Pyridine derivatives like 2-bromo-5-fluoro-3-methylpyridine keep evolving alongside advances in medicinal and agrochemical research. Client collaborations repeatedly highlight the need for not just purity, but also specific isomer ratios, controlled halogen speciation, and minimized residual solvents. Over time, we have tailored parts of our production route to satisfy the most stringent user-defined tolerances. For example, specialty projects in new drug discovery sometimes called for high-purity lots with critical moisture exclusion—extra investments in cleaning, drying, and container testing grew from these direct requests.
We do not work in isolation.
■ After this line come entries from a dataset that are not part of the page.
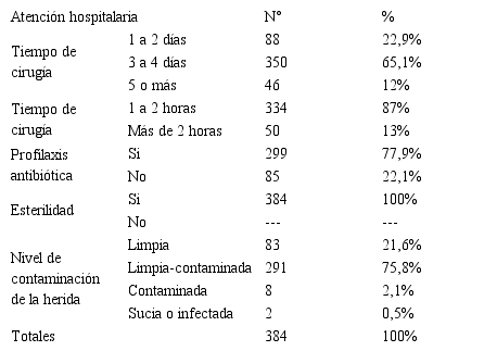 La mayoría de los usuarios tuvieron una intervención quirúrgica entre 1 a 2 horas, con un estadio hospitalario de 3 a 4 días, se realizó la cirugía en condiciones de esterilidad total y se obtuvo el 21,6% tuvo una herida limpia estos factores interviene para evitar una infección en el sitio quirúrgico. Al hacer un análisis con otras investigaciones se observó en el de Alvarado y Requena(8) los siguientes datos: los pacientes tuvieron una estancia más prolongada a el de nuestro estudio; los procedimientos fueron menores de 2 horas y representaron el 82% mayor porcentaje que nuestra investigación: también se evidencio un aumento de estadísticas en la profilaxis pre operatoria fue del 100% y las heridas limpias fueron de 62% superior a nuestro estudio.(13)(14)
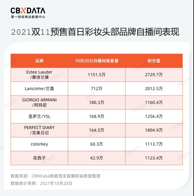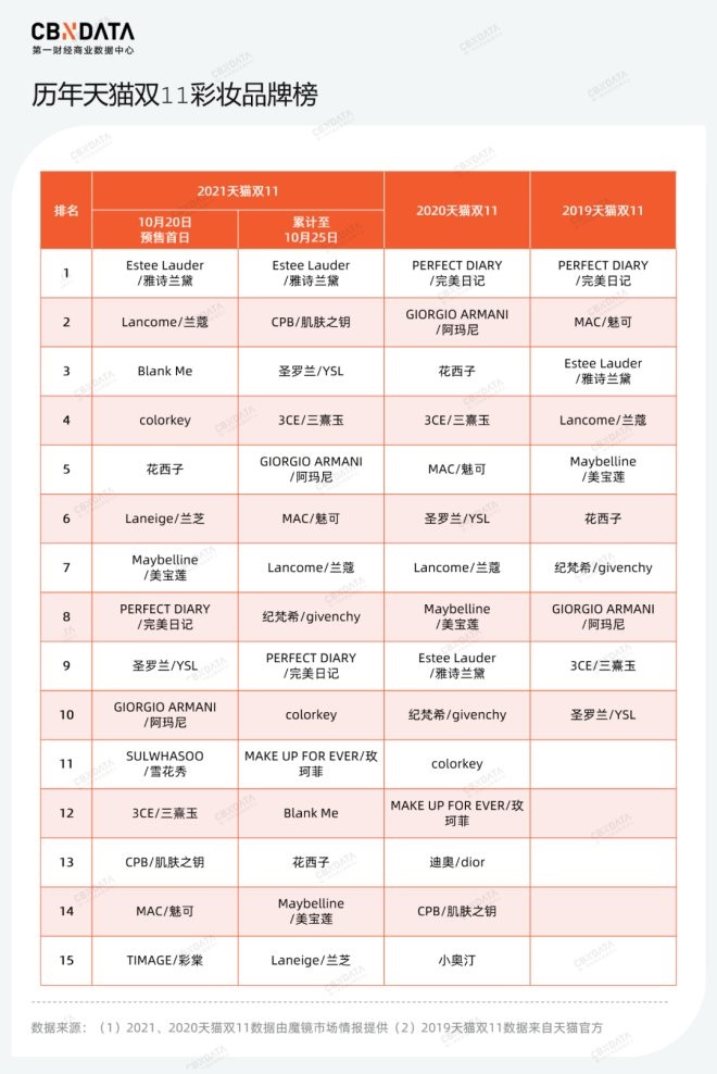 不過,國貨彩妝品牌的排位正在發(fā)生變化,這一趨勢在618期間就有體現(xiàn)。今年天貓618,花西子摘下彩妝榜冠軍,昔日風頭無兩的完美日記則被擠到第三位。而到雙11,花西子和完美日記的火力從一開始就被colorkey壓制。直到10月25日預(yù)售過半之際,完美日記才以微弱優(yōu)勢反超colorkey,暫回國貨彩妝第一;ㄎ髯痈菑念A(yù)售首日的第五名掉出前十。國貨彩妝似在上演“風水輪流轉(zhuǎn)”。
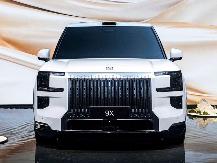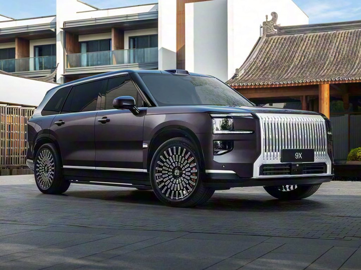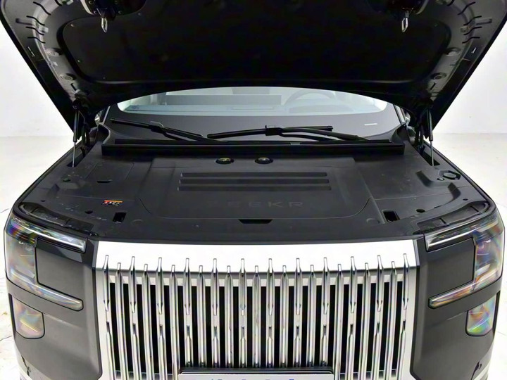 外形上,极氪9X采用极氪经典美学设计,与极氪009的设计一脉相承,前脸采用最大的一体式镀铬格栅,宽度超过120厘米,高度超过70厘米,看着的确能称得上是“杭州湾库里南”。前机舱盖采用蚌式设计,面积达到2.15平方米。格栅两侧是浩瀚星钻矩阵灯组,同样采用独特的造型,大灯组上下分体式设计,支持智能交互投影等功能。车头顶部配备激光雷达。
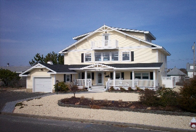 Addition and renovation to a existing one story single family dwelling with one car garage and storage. First floor has a guest room and office in the front of the dwelling with a bath room and pantry between these rooms and the large open sunken living space. The living space includes the kitchen with a Island, living area with a fireplace and the dining area which opens onto a large rear screened porch. There is a deck off of the living area. All living spaces have 10’- 6” ceilings with views of Barnegat Bay to the north. The second floor has two bedrooms in the front of the dwelling with a bath room and laundry room between the bay side master bed room suite and guest bedroom. The master bedroom has volume ceilings, large closet space, a master bath with his and her lavatories , tiled shower and whirlpool tub. Both the master bedroom and guest bedrooms have balconies accessed by french doors overlooking the Barnegat Bay. |
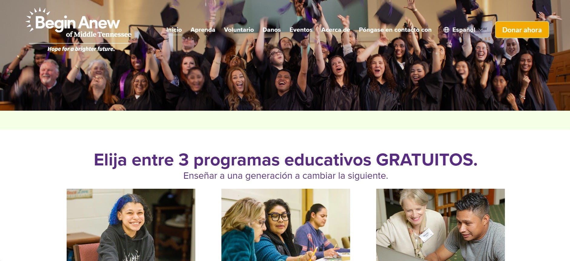 | Begin Anew of Middle Tennessee | Personas que valoran tutorías personalizadas y apoyo comunitario con horarios limitados. |

Regular conversations with research chemists, plant engineers, and process safety experts across leading sectors keep our processes adaptive. As companies seek to build new molecular frameworks with improved biological properties or resistance profiles, the demand for predictably reactive, highly characterized starting materials will grow. Connecting decades of feedback, from gram-scale academic labs to commercial manufacturing plants, we see our task as not just molecule production but enabling discovery, with the foundation of controlled, reproducible chemistry.
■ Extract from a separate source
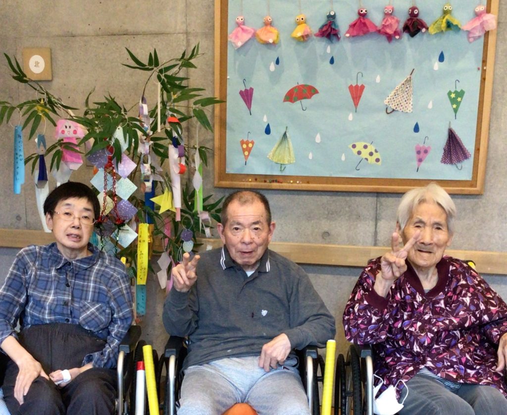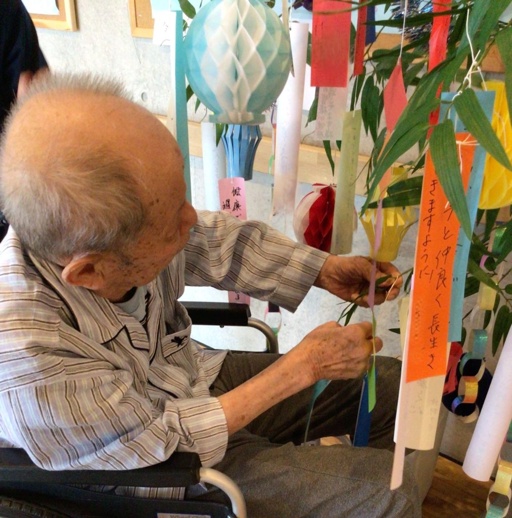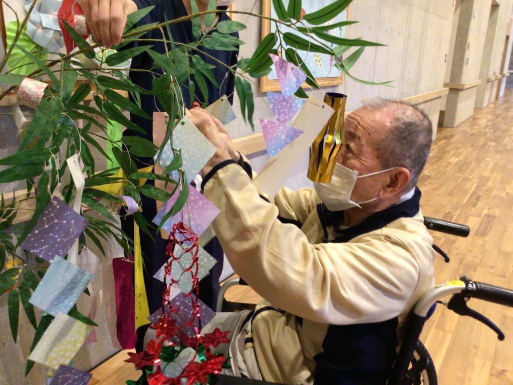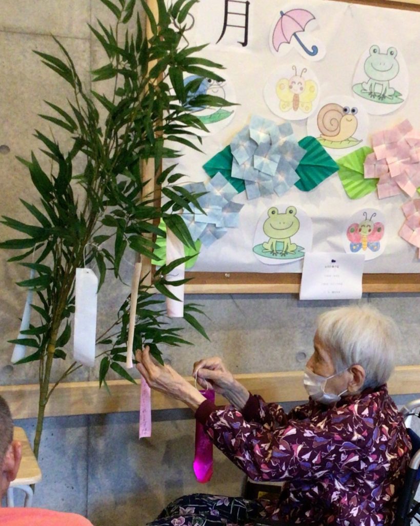 手の届く所にご自身でさげられたりして立派な七夕飾りが完成しました🤗
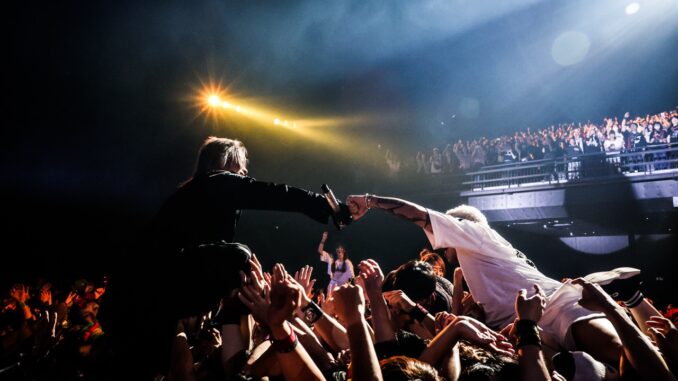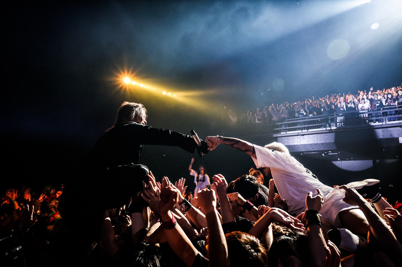 それにしてもなんと伸び伸びとしたフロアの盛り上がりだろう。リフトアップもクラウドサーフも、どちらのエリアでもひっきりなしだが、その違いは明確にわかる。HYDEが言っていた通り、エリア分けされたことで男性も女性もお互いにより遠慮なくそれぞれの本領を発揮、それが相乗し合って想像以上のパワーを生んだのかもしれない。男女の垣根のないカオティックな盛り上がりも捨てがたい魅力である一方、こうした試みによって拓かれる可能性もきっとある。ここにきてHYDEのライヴはまた一つ、新たな武器を手に入れたと言えそうだ。

Experienced process developers know the difference that right building blocks make. Many off-the-shelf pyridines come from third-party networks with less oversight. We receive regular inquiries from project leads who struggled with off-spec material sourced from volume suppliers, reporting problems like unpredictable color, solvent residues, or variable coupling efficiencies that trace back to inconsistent halogen content.
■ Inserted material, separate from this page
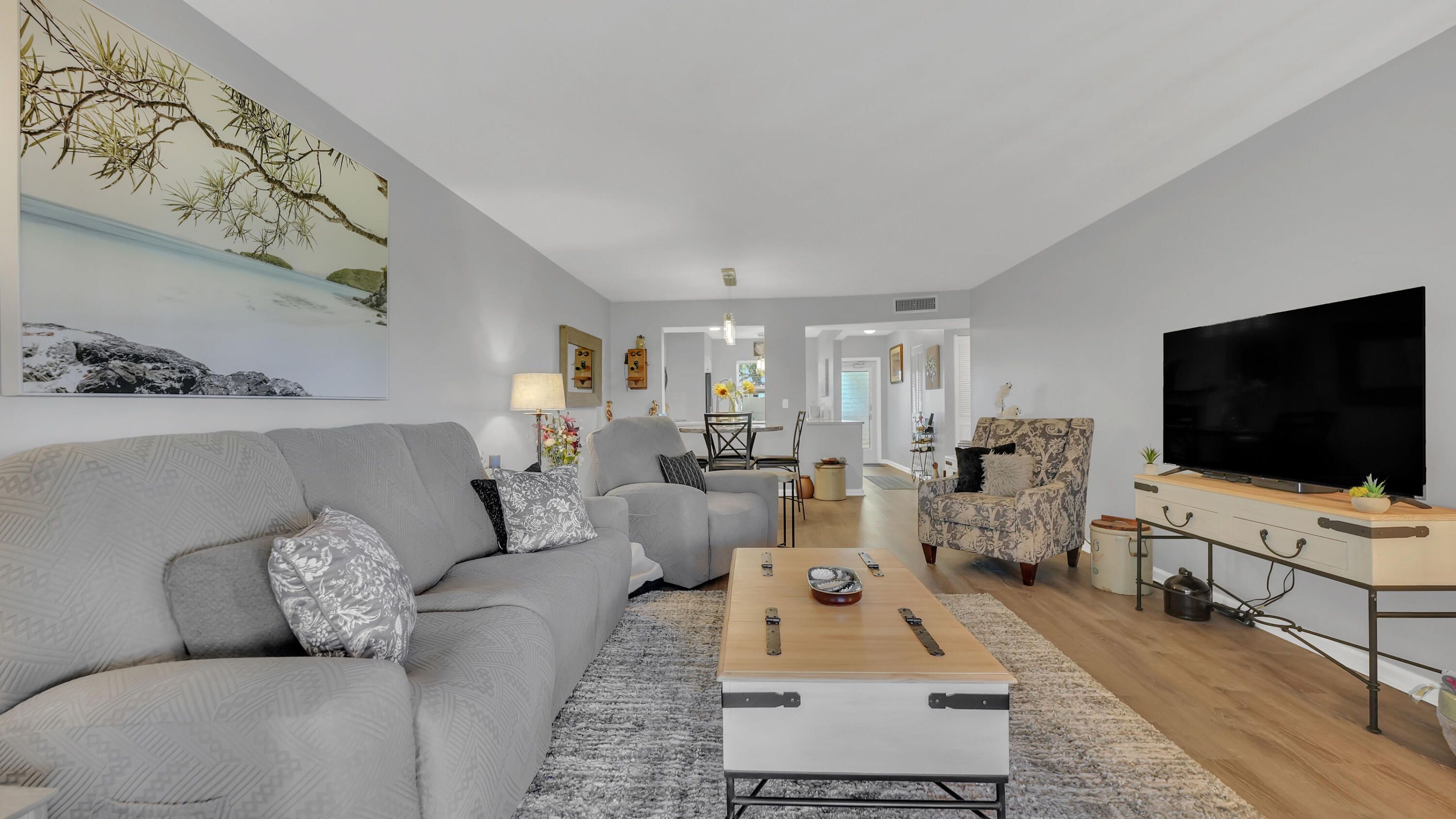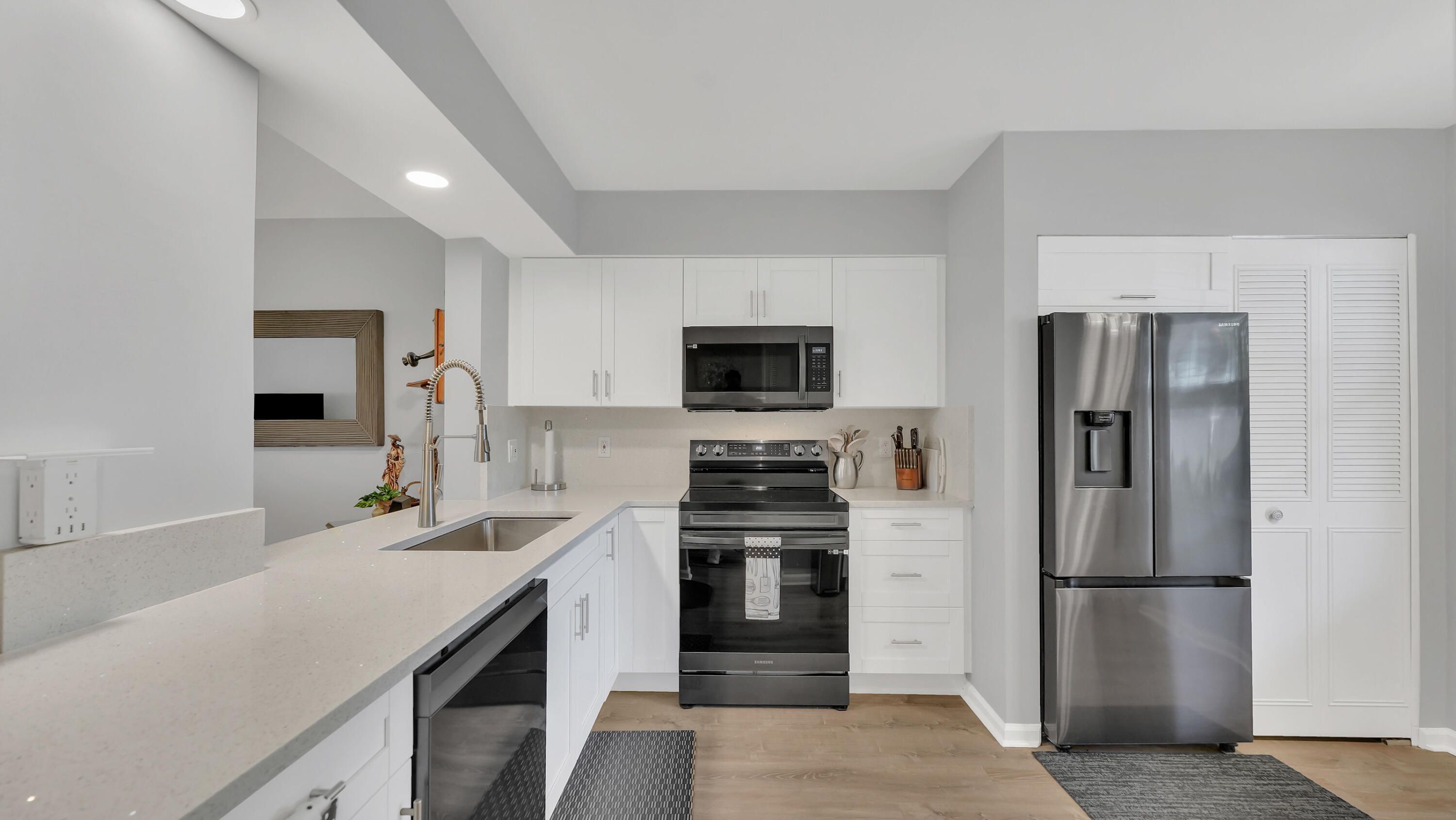 Beautifully renovated 2 bedroom, 2 bath first floor condo located in an active 55+ community! This move-in ready home features all new electrical, a brand new kitchen with stainless steel appliances, a tankless water heater, newer AC and a washer/dryer in unit! Stylish waterproof laminate flooring throughout. Enjoy the best of Florida living with two private patios; a welcoming front patio surrounded by lush greenery and a spacious screened-in rear patio with additional storage. Impact glass throughout providing peace of mind and energy savings. Assigned parking just steps from your front door! Walk to the brand new clubhouse, community pool, hot tub, fitness center, billiards and more! Close proximity to shopping and dining.

Our experience producing at source, not through distribution networks, proves its value here. With control from raw material choice through to the fill-and-pack stage, results align with project-specific requirements, whether the customer is advancing a new drug program, preparing seed chemistry for agrochemical rollout, or testing material in academic innovation. We welcome requests for custom analytical data because our processes already include archived method validation files.
Ongoing investment in plant infrastructure sets the stage for even more reliable output. Over recent years, we upgraded reactor automation, improved filtration systems, and implemented smart in-line monitoring. These changes, inspired by on-the-ground input from both plant operators and customer teams, keep output quality aligned with evolving expectations.
We listen when formulation scientists request larger lots, longer shelf-life, or tailored solvent mixes for immediate downstream use. Such adaptation means more than compliance, it means reducing process bottlenecks for users who depend on flawless starting points for time-sensitive research and production.
Supplying 2-bromo-5-fluoro-3-methylpyridine reflects more than commodity chemical production. This is a process honed by direct lessons from end users—pharmaceutical teams scaling new scaffolds, agrochemical developers responding to environmental demands, and researchers needing surety as they push scientific boundaries. Experience proves the necessity of consistent, clean, and clearly characterized intermediates; every improvement in our process maps back to reduced risk and accelerated success for users.
Our company culture rarely favors easy claims or template language. Daily effort goes into sustaining a supply chain based on transparency, feedback-driven modification, and a sense of shared responsibility that covers safe production, environmental protection, and enabling the next wave of chemical innovation. At the end of each batch, after the reactors cool and analyses complete, the measure of our work is the success our users gain from consistently reliable chemical building blocks—2-bromo-5-fluoro-3-methylpyridine stands as a case in point.